Materials provided:
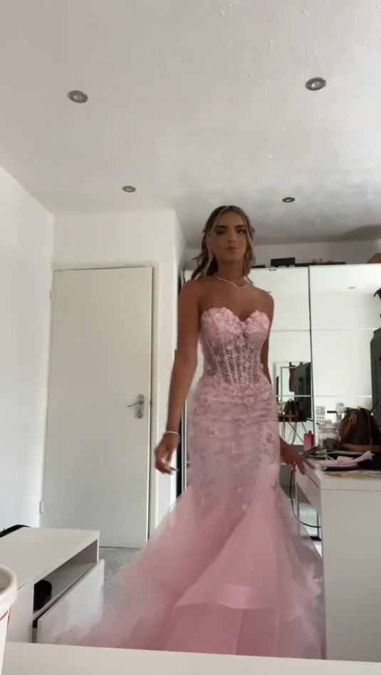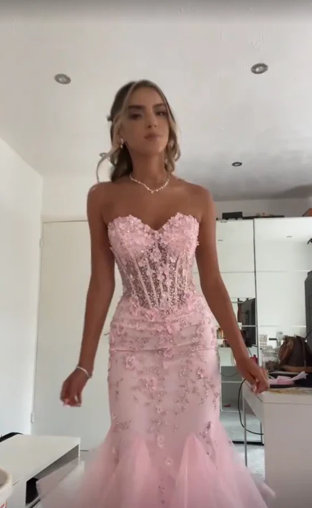 Mermaid Sweetheart Pink Tulle Long Prom Dress With Lace
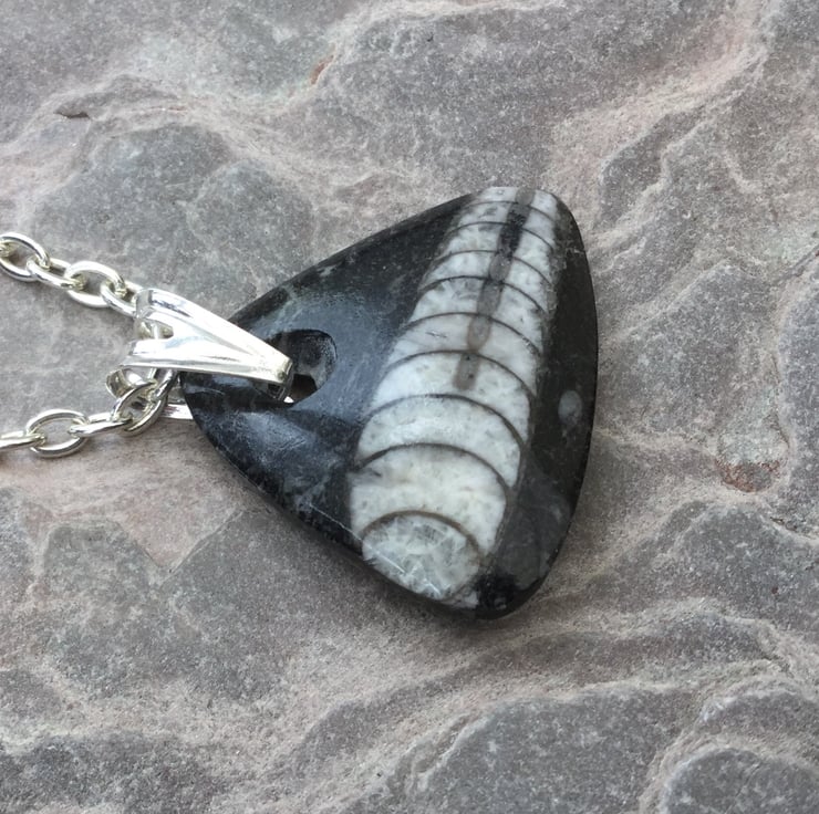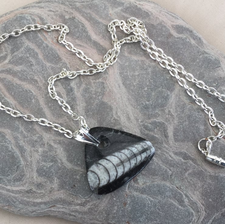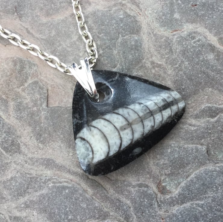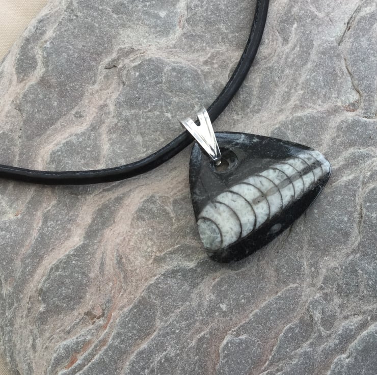 This unique pendant features a fossil of Orthoceras, a genus of extinct cephalopod related to modern squid. They are found in many sedimentary rocks, most frequently limestone, and may date from the Ordovician period about 450 million years ago. Its name means 'straight horn', a reference to the long extension in front of its head. The pendant measures 4x3cm and is highly polished. It has been fitted with a large sterling silver double bail, stamped '925', and is suspended from an 18 inch sterling silver snake chain.
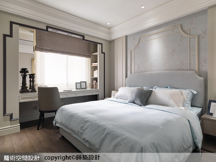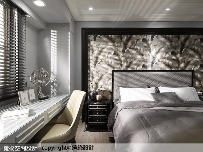 ▲屋主兒子的新婚套房,以帶入雅致壁紙的中性色調為主,主牆裝飾線條與窗框呼應,增添柔和氣息。
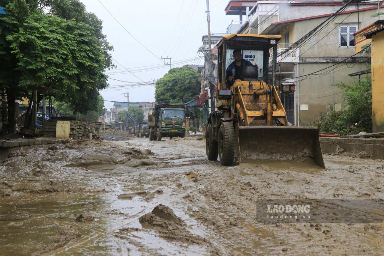 Mr. Nguyen Tien Si, Deputy Director of Tien Dat Construction and Trading Joint Stock Company, said that after the water receded, the company mobilized 12 cars and excavators and human resources to clear the mud, ensuring traffic and daily life for the people.
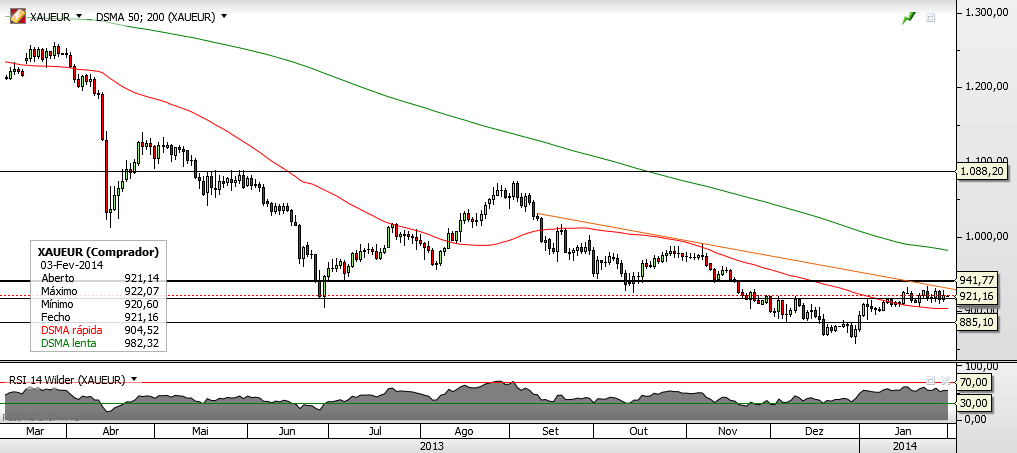 Par Xau/Eur em lateralização no intervalo entre 905,00 e 940,00.

Try it:
Nothing but the lines from the line containing "This unique pendant" through the last line of the records above is to be extracted, exactly and with no pictures.

Written response:
 This unique pendant features a fossil of Orthoceras, a genus of extinct cephalopod related to modern squid. They are found in many sedimentary rocks, most frequently limestone, and may date from the Ordovician period about 450 million years ago. Its name means 'straight horn', a reference to the long extension in front of its head. The pendant measures 4x3cm and is highly polished. It has been fitted with a large sterling silver double bail, stamped '925', and is suspended from an 18 inch sterling silver snake chain.
 ▲屋主兒子的新婚套房,以帶入雅致壁紙的中性色調為主,主牆裝飾線條與窗框呼應,增添柔和氣息。
 Mr. Nguyen Tien Si, Deputy Director of Tien Dat Construction and Trading Joint Stock Company, said that after the water receded, the company mobilized 12 cars and excavators and human resources to clear the mud, ensuring traffic and daily life for the people.
 Par Xau/Eur em lateralização no intervalo entre 905,00 e 940,00.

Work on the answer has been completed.